Zhao Leji (; born 8 March 1957) is a Chinese politician, who is the current chairman of the Standing Committee of the National People's Congress and the third-ranking member of the CCP Politburo Standing Committee.

In his earlier political career, he served as the Communist Party Secretary of Qinghai, the party secretary of Shaanxi, and the head of the Organization Department of the CCP. He entered the CCP Politburo in 2012 and was promoted to the Politburo Standing Committee five years later. Between 2017 and 2022, he was the secretary of the Central Commission for Discipline Inspection, the party's top anti-corruption body.

Early life 
Zhao Leji was born in Xining, Qinghai province.
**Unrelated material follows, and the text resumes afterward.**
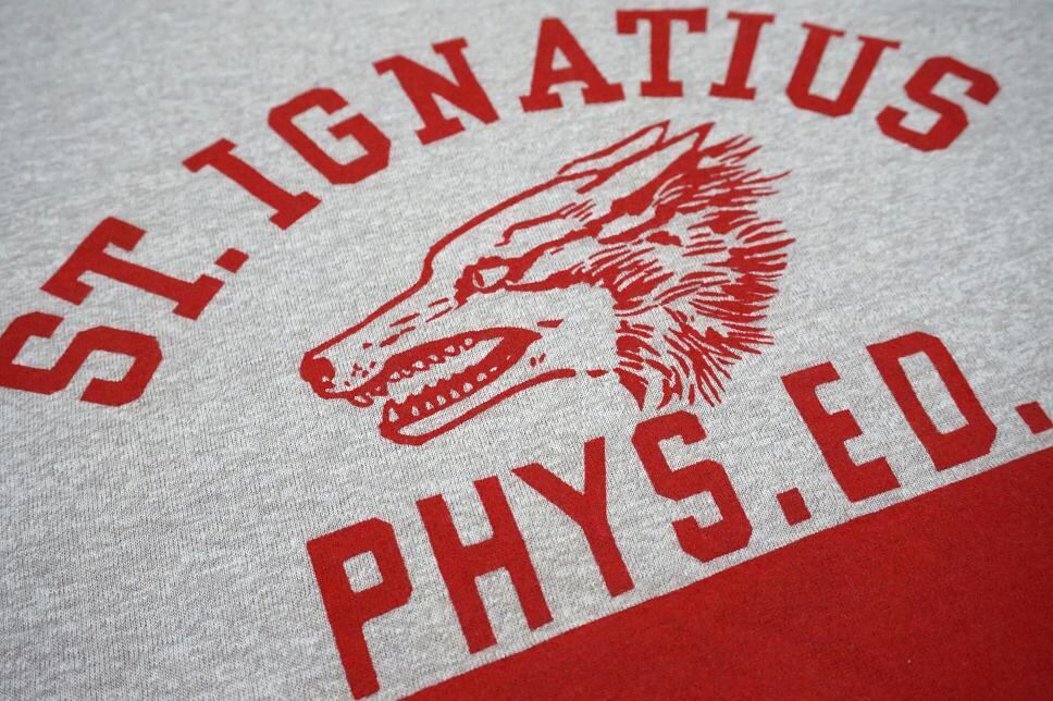 1980’s DEADSTOCK!! SCREEN STARS オオカミ4段プリントTシャツ 霜降りグレー×赤 表記(M) スクリーンスターズ デッドストック

His parents were from Xi'an, Shaanxi province. The family moved to Qinghai as part of the aid the frontiers programs of the Mao years. During the later years of the Cultural Revolution, Zhao went to the countryside to perform manual labour on a commune. After working there for about a year, Zhao returned to the city to become a communications assistant at the Commerce Department of Qinghai province.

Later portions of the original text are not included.